Ariella too didn’t have the luxury to let her personal feelings or opinions influence her course. She recalls at one point shutting off her feelings. “When the international media interviewed me at the time, and they asked me how I felt about it, I said, ‘I’m not allowed to feel anything.’ It sounds like a getaway answer, but I really felt that way.”

Today, Nir says he “has more scars from Operation Defensive Shield,” but the disengagement marked a turning point in his life. A few months later, he decided to scrap his plans for an army career and not renew his army contract.

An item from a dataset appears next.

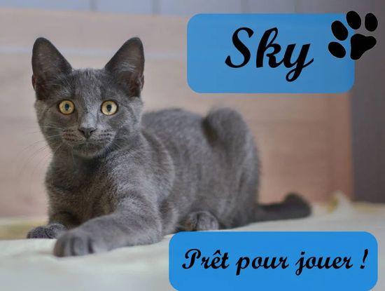 Moi, c'est Sky, le petit frère de Shamallow (qu'on vous présentera bientôt). Je suis un beau mâle gris d'environ 3 mois.
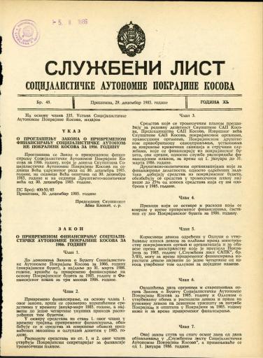 Ključne besede:uradni listi, Kosovo, Jugoslavija

“I felt like they forced something in a wrong way, like they behaved in the wrong way, as if they higher-ups wanted to prove that they can, like kids in the nursery,” he related. “The way they came, the way they prepared, what they stuck in people’s minds. The entire mental preparation was harder than the actual evacuation and ultimately only a third of what they taught came to pass. They really exaggerated. For officers at that level, you have to prepare something in proportion. Things bothered me after as well. I noticed people were in the army more for ego and status.”

WHEN ARIELLA finished her assignment, she left the ad hoc unit created for the disengagement and returned to her regular unit. The remainder of her service remained largely unaffected by the evacuation, but she came out of Gush Katif with new friendships.

“Everyone who participated in the disengagement became very close. Most of my good friends were people in my unit during the disengagement, and that was only a few weeks out of my entire service.”

During her first weekend back home, her friends described her as a “zombie,” but about a week and a half later, she already began to heal from the ordeal.

“At the time I thought this is going to scar me for life, this is the saddest thing I have to do. And it still is the hardest thing I ever had to do. I had to do tough things, but nothing like this. This was something completely beyond reality. I think it’s awful because I know there are people that are still affected by it today, people who don’t have permanent housing, but I don’t think too much about it.” She pauses and looks up, a glimmer of guilt in her eyes. “I think I should, but I don’t. I think everyone is just living his own life.”